The acute oral median lethal dose (LD50) of the test item in the female Wistar strain rat was estimated to be greater than 2393 mg/kg bodyweight (equivalent to 2000 mg active ingredient/kg bodyweight).The test item did not meet the criteria for classification according to the Classification, Labelling and Packaging Regulation.

Executive summary:

Introduction.

The study was performed to assess the acute oral toxicity of the test item following a single oral administration in the Wistar strain rat. The method was designed to be compatible with the following:

- OECD Guidelines for the Testing of Chemicals No. 423 “Acute Oral Toxicity – Acute Toxic Class Method” (adopted 17 December 2001)

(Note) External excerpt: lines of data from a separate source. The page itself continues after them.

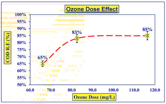 The ozonation dose optimization was performed on the removal of COD by varying the ozone dose at a constant contact time of 15 min. The effect of ozone dose on COD removal in real ASSWW was presented in Figure 2. It was observed from Figure 2 that maximum COD removal efficiency of 89% was achieved at an ozone dose of 116.4 mg/L. While comparing the removal efficiencies at different ozone dosages, it was observed that there was a negligible difference in ozone dose concentrations of 82.5 mg/L and 116.4 mg/L with COD removal of 83% and 85%. The optimum ozone dose of 82.5 mg/L was selected for the current investigation.
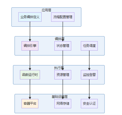 这个分层架构图展示了云函数编排系统的完整技术栈。从上到下分别是应用层、编排层、执行层和基础设施层。每一层都有明确的职责分工,这种设计既保证了系统的模块化,也便于后续的维护和扩展。
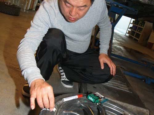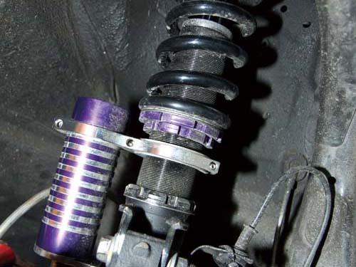 這個(gè)裝置是車內(nèi)氣壓式頂高機(jī)的接頭??,在分秒必爭(zhēng)的賽車場(chǎng)上相當(dāng)好用。 |
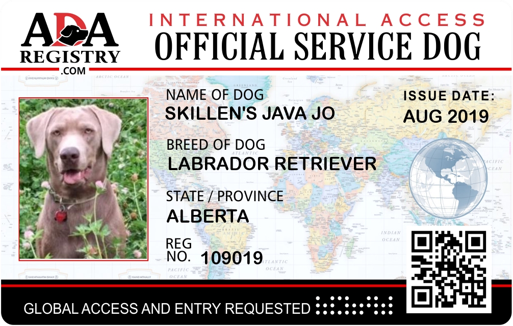 International Service Dog Registration for Skillen’s Java Jo
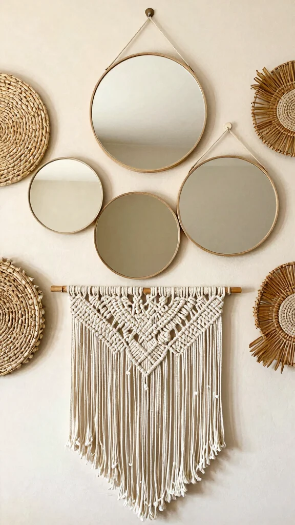 Pair your three circle mirrors with textures and greens that suit Bohemian taste. Consider a mix of decorative mirrors with wall decor ideas like macramé hangings, woven textiles, trailing plants, or a small shelf to display trinkets. Keep a unified color palette—earth tones, terracotta, and brass tones harmonize well. Add ambient lighting—string lights or a wall lamp—to reflect in the mirrors and pull the look together. This is a practical way to apply interior design tips for modern home accents without overcrowding the wall.
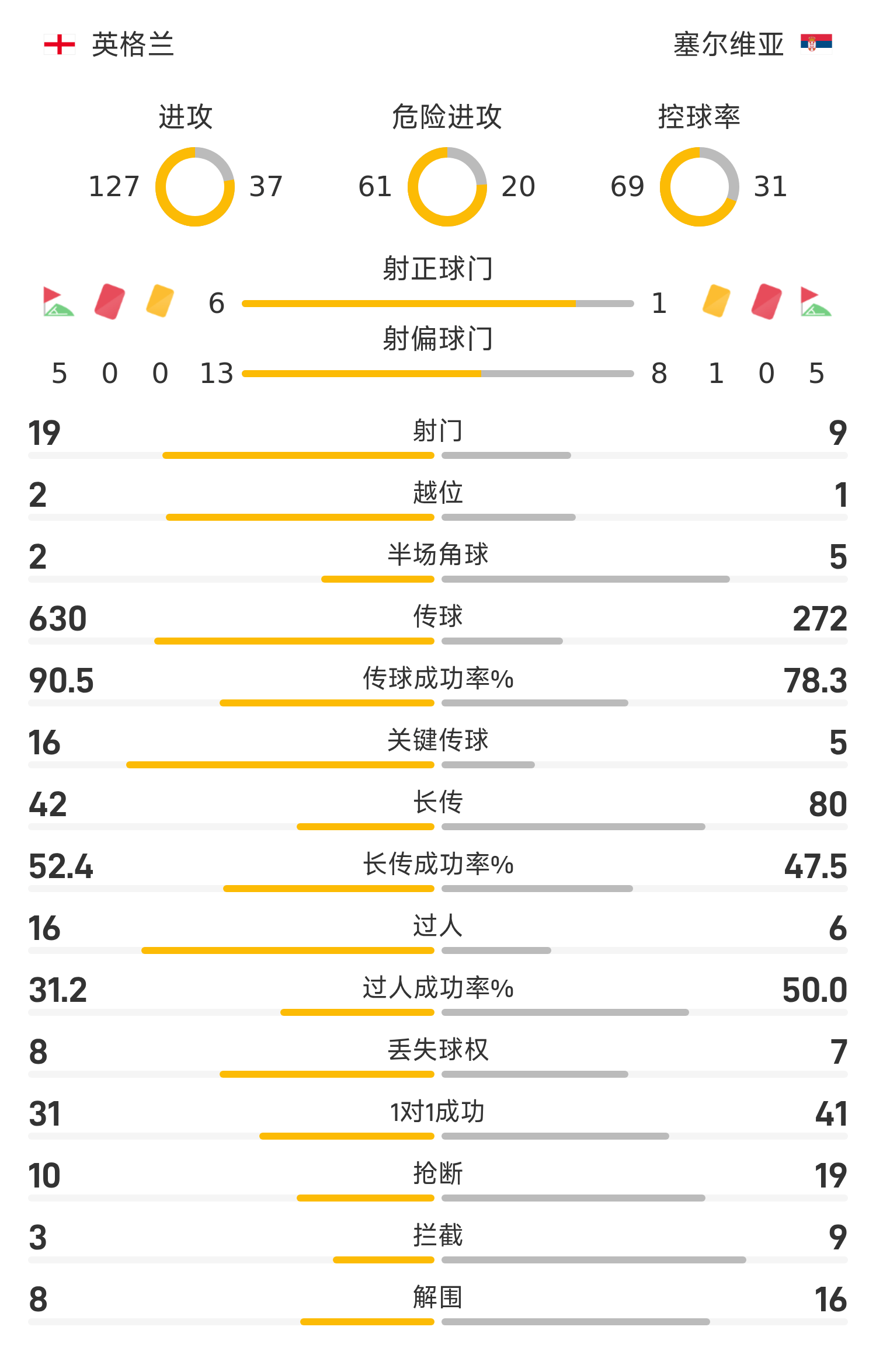 雷速體育11月14日訊 26賽季世歐預(yù)分組賽K組第9輪,英格蘭2-0戰(zhàn)勝塞爾維亞。全場比賽,薩卡凌空破門建功,埃澤最后時刻鎖定勝局,福登送助攻,伊里奇上半場傷退;英格蘭各項賽事豪取五連勝。
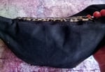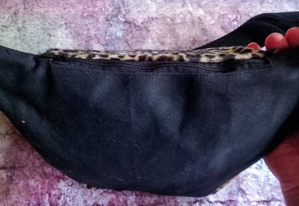 It's made out of leopard faux fur, denim offcuts and it has cotton canvas lining.
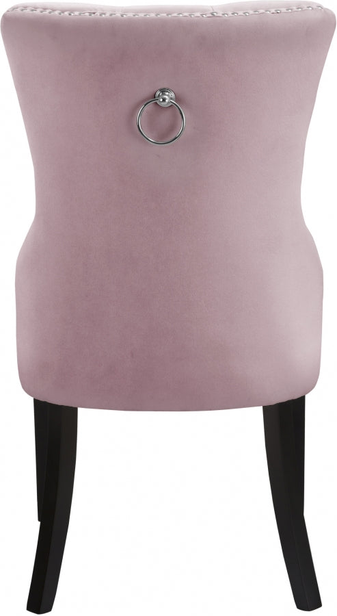 Dînez dans un style luxueux avec la chaise de salle à manger en velours blush Nikki. Dotée d'un dossier haut incurvé, d'un siège rembourré moelleux et d'un revêtement en velours poudré capitonné profond parsemé de têtes de clous chromées, cette chaise de salle à manger portera à coup sûr votre expérience culinaire à un tout autre niveau. Les pieds en bois Espresso offrent un soutien solide et complètent le superbe revêtement poudré pour un design élégant et contemporain.
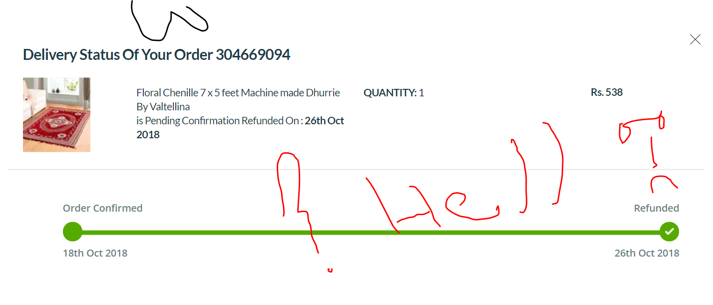 7th day got a message we are initiating the refund as we can't deliver the Dhurrie.
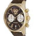 Часы «Президент» модели 3526416 — это мужские кварцевые наручные часы с хронографом, выпущенные ограниченным тиражом в 100 экземпляров. Механизм: японский кварцевый хронограф Miyota 6S21, обеспечивающий высокую точность. Функции: часы, минуты, секунды, дата, хронограф (секундомер). Корпус: из нержавеющей стали с PVD-покрытиемPVDУльтратонкое покрытие наносится в технике вакуумного напыления, сочетает в себе нитрид титана особой прочности со слоем золота или оксида хрома. Несёт в себе декоративную или защитную функцию. цвета жёлтого золота, диаметром 41,8 мм, толщиной 11,4 мм. Циферблат: чёрный с римскими цифрами и изображением государственного герба, подчёркивающий элегантный стиль. Стекло: сапфировое стеклоСапфировое стеклоПрочный и надёжный материал из кристалла сапфира синтетического происхождения, характеризующийся особой твёрдостью и устойчивостью к царапинам и повреждениям. с антибликовым покрытием, устойчивое к царапинам. Водонепроницаемость: 5 ATM (50 метров), что делает часы подходящими для повседневного использования. Ремешок: из натуральной кожи коричневого цвета, шириной 20 мм, с классической застёжкой. Эти часы — идеальный выбор для ценителей стиля и ограниченных коллекций.
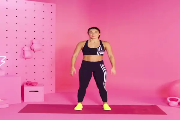 1. Passen Sie Ihre Haltung entsprechend Ihrer Beinbeweglichkeit an. Beginnen Sie mit schulterbreit auseinander stehenden Füßen, den Zehen nach vorne (und bei 11 und 1 Uhr leicht nach außen) und den Armen an den Seiten. Wenn Sie längere Beine haben, müssen Sie möglicherweise Ihre Füße verbreitern, um mehr Platz für die Hüften zu schaffen, sagt Luciani.
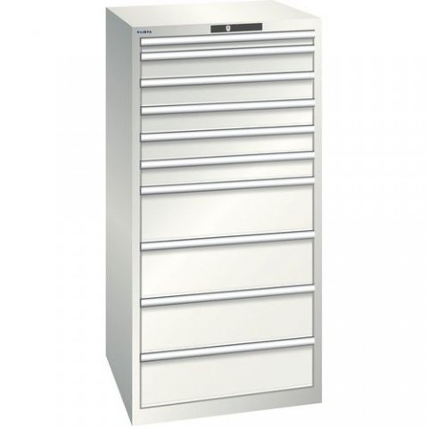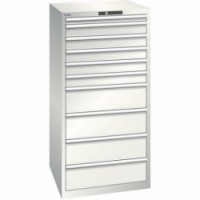 Ochrana proti prachu, kapalinám díky uzavřenému rámu s povrchem odolným proti nárazům a oděru. Bezpečnostní pojistka zabraňující pádu a individuálnímu zamykaní zásuvek (ochrana proti převrácení). Ochrana proti korozi pomocí elektroforetického imerzního lakování a stříkání. Profesionální označování pomocí softwaru pro označování LISTA Script a výklopné úchytky pro vkládání štítků. Dokonale tichý pohyb díky saně bez příčníku.Dílenské zásuvkové skříně LISTA, 717x725x1450mm, 9 nebo 10 zásuvek, nosnost zásuvky 75 nebo 200kg

- Method B1 tris Acute Toxicity (Oral) of Commission Regulation (EC) No. 440/2008

- United States Environmental Protection Agency Health Effects Test Guidelines OPPTS 870.1100 Acute Oral Toxicity, 2002

- Japanese Ministry of Agriculture, Forestry and Fisheries (JMAFF), 2000

Method.

A group of three fasted females was treated with the test item at a dose level of 359 mg/kg bodyweight (equivalent to 300 mg active ingredient/kg bodyweight). Based on the results from this dose level further groups of fasted females were treated at a

dose level of 2393 mg/kg bodyweight (equivalent to 2000 mg active ingredient/kg bodyweight). Dosing was performed sequentially.

The test item was administered orally as a solution in distilled water. Clinical signs and bodyweight development were monitored during the study. All animals were subjected to gross necropsy.

Mortality.

There were no deaths.

Clinical Observations.

There were no signs of systemic toxicity.

Bodyweight.

All animals showed expected gains in bodyweight over the study period.

Necropsy.

No abnormalities were noted at necropsy.

Conclusion.

The acute oral median lethal dose (LD50) of the test item in the female Wistar strain rat was estimated to be greater than 2393 mg/kg bodyweight (equivalent to 2000 mg active ingredient/kg bodyweight).

The test item did not meet the criteria for classification according to the Classification, Labelling and Packaging Regulation.